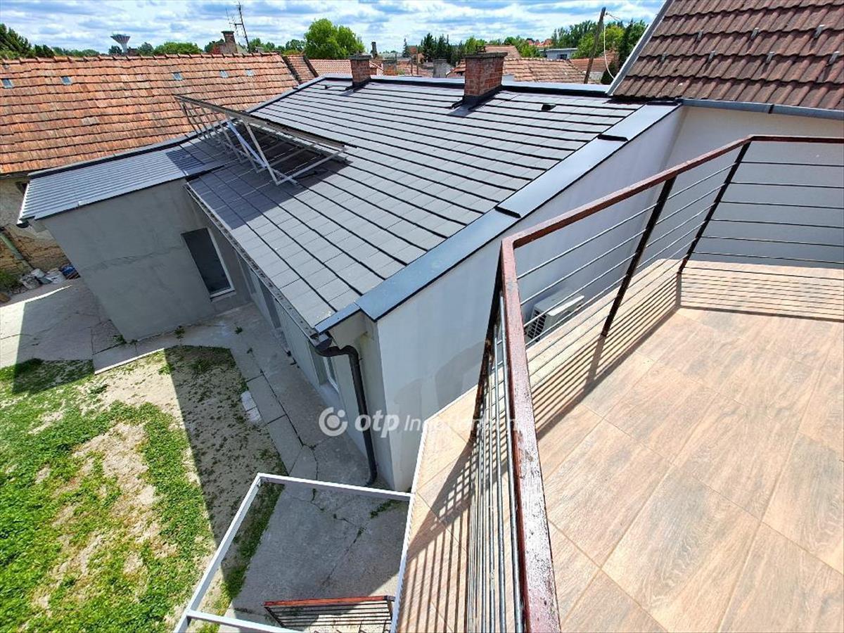Bács-Kiskun vármegye, Kecskemét, Máriaváros részen 109 m2 hasznos alapterületű kétszintes családi ház 58 m2 pincével, garázzsal és egy különálló épületben kialakított 42 m2 nagyságú lakás saját garázzsal, összesen 252 m2 telekrésszel, 504 m2 osztatlan közös tulajdonú telken eladó. Az ingatlan tulajdonosai használati megosztási megállapodással rendelkeznek, a két lakóépület külön bejárása megoldott. a tégla építésű összkomfortos kétrendbeli családi ház a városrész csendes kertvárosi lakóövezetében, két aszfaltozott út által határolt saroktelken helyezkedik el, ennek megfelelően a garázsok is két utcáról külön közelíthetőek meg. a kétszintes ház földszintjén egy nappali, egy szoba, egy félszoba, egy konyha, egy kamra, egy fürdőszoba, egy WC-helyiség és két közlekedő kapott helyet. Az emeleti részen a közlekedőből nyíló két szobát, egy fürdőszoba-WC helyiséget, egy gardrób helyiséget és egy 8 m2-es erkélyt találunk. a szobák laminált padló-, a többi helyiség járólap borítást kaptak. a nyílászárók és a bejárati ajtók újracserélt műanyagok, az ablakok hőszigetelt üvegezésűek, redőnnyel ellátottak, a belső ajtók jó állapotú fa szerkezetűek. a családi ház beton alapon tégla falazattal, beton födémmel, hőszigetelt homlokzattal, a tető fa szerkezeten beton héjazattal készült. Az otthon melegét és melegvíz ellátását Bosch kombi gáz-cirkó kazán biztosítja, radiátoros hőleadással, alternatív fűtésként az emeleten gázkonvektor is rendelkezésre áll. Az épület alagsorában egy belső és egy külső lejárattal rendelkező, több részre osztott 58 m2-es száraz pince található. a ház mellett közvetlenül egy 13 m2-es garázs kapott helyet. a telekrészen a földszinti különálló lakóépületben egy nappali, egy szoba, egy konyha, egy fürdőszoba, egy WC-helyiség és egy garázs kapott helyet. Ez az épület is tégla szerkezetű, a villany- és a vízellátás rendszerének kiépítése új, fűtése hőszivattyús klímával és fali panelekkel készült, valamint az új tetőszerkezet antracit cserepezést kapott. Az udvar rendezett, körbekerített, kapubejáró a gépjárművek számára két utcáról megoldott.Az ingatlan közelében néhány száz méteren belül minden megtalálható: többféle munkalehetőség, élelmiszerbolt, Spar, Lidl, iskola, óvoda, posta, bank, gyógyszertár, egészségügyi intézmény. Az ingatlan üres, birtokba adása teljes vételár kifizetését követően azonnal lehetséges.
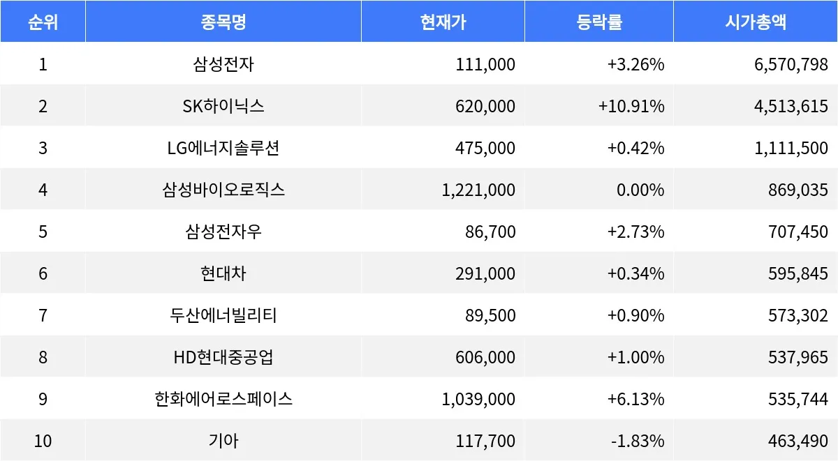 삼성전자 +3.26%, SK하이닉스 +10.91%, LG에너지솔루션 +0.42%...
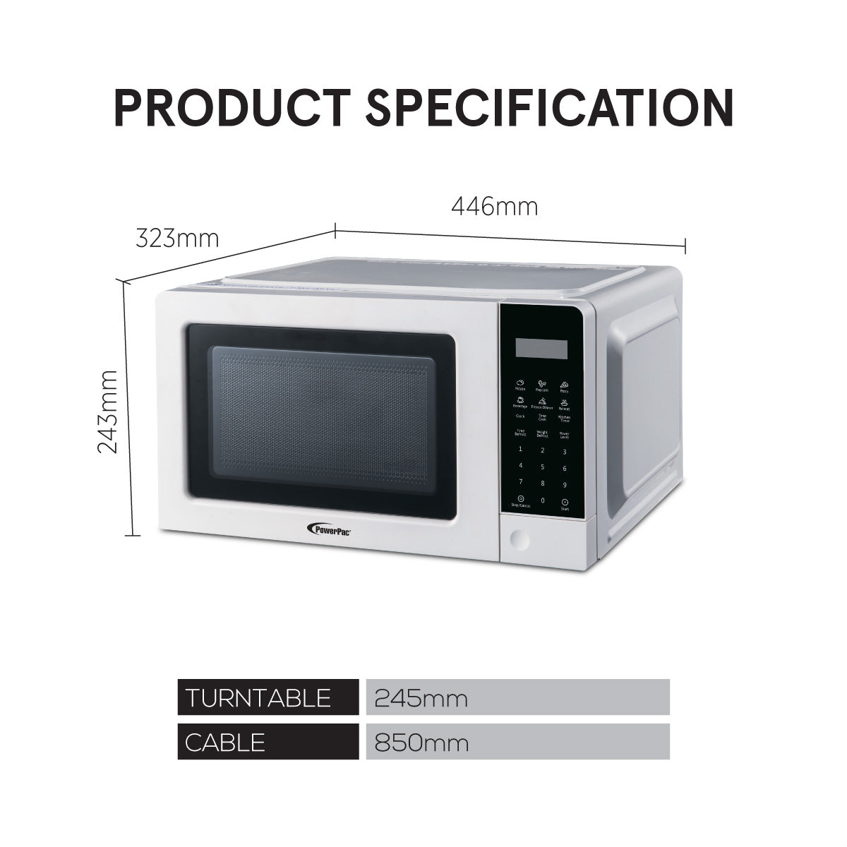 The PowerPac 20L Digital Microwave Oven PPT766 is a user-friendly microwave oven that is extremely simple to use. Most of us use a microwave to heat up food left in the fridge, which should take around 20 seconds to microwave, and don't want to be standing in front of the microwave for 2 minutes pressing keys while the oven refuses to work.
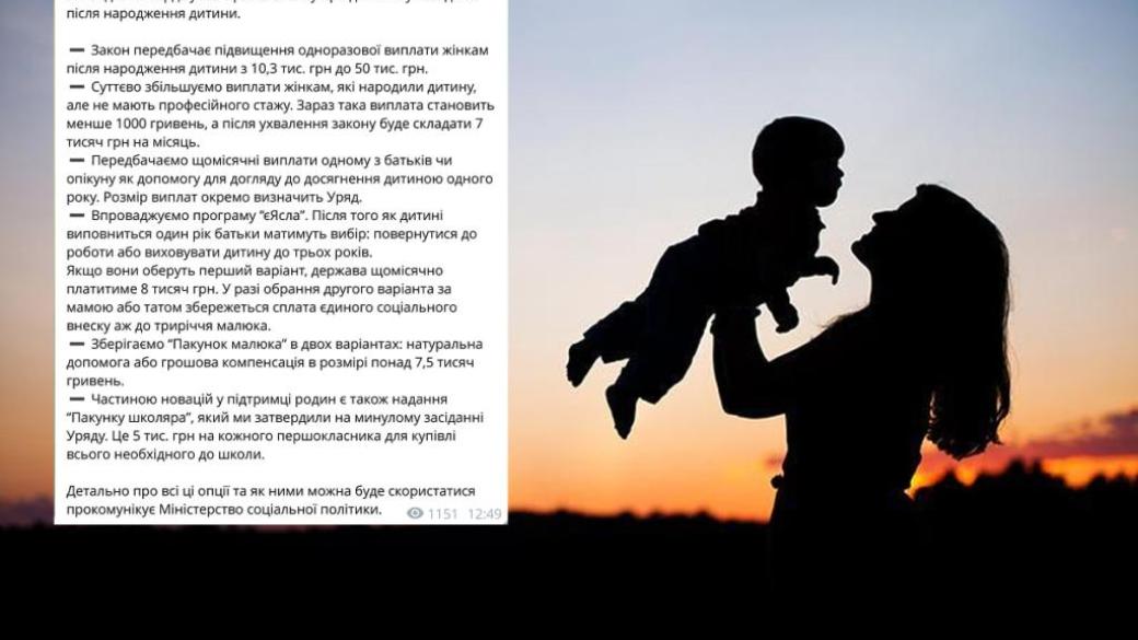 По его словам, каждая женщина после рождения ребенка одноразово получает 50 000 грн. Для беременных 7000 грн ежемесячно. Для одного из родителей или родственников, который ухаживает за ребенком 7000 грн ежемесячно.
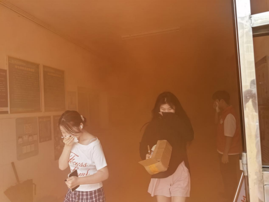 按照演练方案,中午12:30,所有疏散指引的老师和志愿者到达指定区域。为模拟更真实的火灾场景,消防教官准时拉响消防安全警报并在公寓内启用模拟火灾烟雾,顿时公寓楼道浓烟弥漫,警报大作,学生们严格遵循“弯腰低姿、捂住口鼻”的动作,以最快的速度从最近的安全通道有序疏散到西院足球场集合点名。整场演练从拉响警报,到最后一名学生疏散到足球场集合,共用时5分钟,达到了预期效果。
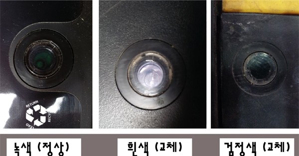 - 인디케이터 확인: 배터리 상단에 있는 인디케이터 색상을 확인합니다. 초록색이면 정상, 검은색이면 충전이 필요, 흰색이면 교체가 필요합니다. (배터리 종류에 따라 인디케이터가 없을 수 있습니다.)

● ● ● ● ●

# Problem
The reply should hold every record, unchanged, and no pictures.

# Result for this task
Bács-Kiskun vármegye, Kecskemét, Máriaváros részen 109 m2 hasznos alapterületű kétszintes családi ház 58 m2 pincével, garázzsal és egy különálló épületben kialakított 42 m2 nagyságú lakás saját garázzsal, összesen 252 m2 telekrésszel, 504 m2 osztatlan közös tulajdonú telken eladó. Az ingatlan tulajdonosai használati megosztási megállapodással rendelkeznek, a két lakóépület külön bejárása megoldott. a tégla építésű összkomfortos kétrendbeli családi ház a városrész csendes kertvárosi lakóövezetében, két aszfaltozott út által határolt saroktelken helyezkedik el, ennek megfelelően a garázsok is két utcáról külön közelíthetőek meg. a kétszintes ház földszintjén egy nappali, egy szoba, egy félszoba, egy konyha, egy kamra, egy fürdőszoba, egy WC-helyiség és két közlekedő kapott helyet. Az emeleti részen a közlekedőből nyíló két szobát, egy fürdőszoba-WC helyiséget, egy gardrób helyiséget és egy 8 m2-es erkélyt találunk. a szobák laminált padló-, a többi helyiség járólap borítást kaptak. a nyílászárók és a bejárati ajtók újracserélt műanyagok, az ablakok hőszigetelt üvegezésűek, redőnnyel ellátottak, a belső ajtók jó állapotú fa szerkezetűek. a családi ház beton alapon tégla falazattal, beton födémmel, hőszigetelt homlokzattal, a tető fa szerkezeten beton héjazattal készült. Az otthon melegét és melegvíz ellátását Bosch kombi gáz-cirkó kazán biztosítja, radiátoros hőleadással, alternatív fűtésként az emeleten gázkonvektor is rendelkezésre áll. Az épület alagsorában egy belső és egy külső lejárattal rendelkező, több részre osztott 58 m2-es száraz pince található. a ház mellett közvetlenül egy 13 m2-es garázs kapott helyet. a telekrészen a földszinti különálló lakóépületben egy nappali, egy szoba, egy konyha, egy fürdőszoba, egy WC-helyiség és egy garázs kapott helyet. Ez az épület is tégla szerkezetű, a villany- és a vízellátás rendszerének kiépítése új, fűtése hőszivattyús klímával és fali panelekkel készült, valamint az új tetőszerkezet antracit cserepezést kapott. Az udvar rendezett, körbekerített, kapubejáró a gépjárművek számára két utcáról megoldott.Az ingatlan közelében néhány száz méteren belül minden megtalálható: többféle munkalehetőség, élelmiszerbolt, Spar, Lidl, iskola, óvoda, posta, bank, gyógyszertár, egészségügyi intézmény. Az ingatlan üres, birtokba adása teljes vételár kifizetését követően azonnal lehetséges.
 삼성전자 +3.26%, SK하이닉스 +10.91%, LG에너지솔루션 +0.42%...
 The PowerPac 20L Digital Microwave Oven PPT766 is a user-friendly microwave oven that is extremely simple to use. Most of us use a microwave to heat up food left in the fridge, which should take around 20 seconds to microwave, and don't want to be standing in front of the microwave for 2 minutes pressing keys while the oven refuses to work.
 По его словам, каждая женщина после рождения ребенка одноразово получает 50 000 грн. Для беременных 7000 грн ежемесячно. Для одного из родителей или родственников, который ухаживает за ребенком 7000 грн ежемесячно.
 按照演练方案,中午12:30,所有疏散指引的老师和志愿者到达指定区域。为模拟更真实的火灾场景,消防教官准时拉响消防安全警报并在公寓内启用模拟火灾烟雾,顿时公寓楼道浓烟弥漫,警报大作,学生们严格遵循“弯腰低姿、捂住口鼻”的动作,以最快的速度从最近的安全通道有序疏散到西院足球场集合点名。整场演练从拉响警报,到最后一名学生疏散到足球场集合,共用时5分钟,达到了预期效果。
 - 인디케이터 확인: 배터리 상단에 있는 인디케이터 색상을 확인합니다. 초록색이면 정상, 검은색이면 충전이 필요, 흰색이면 교체가 필요합니다. (배터리 종류에 따라 인디케이터가 없을 수 있습니다.)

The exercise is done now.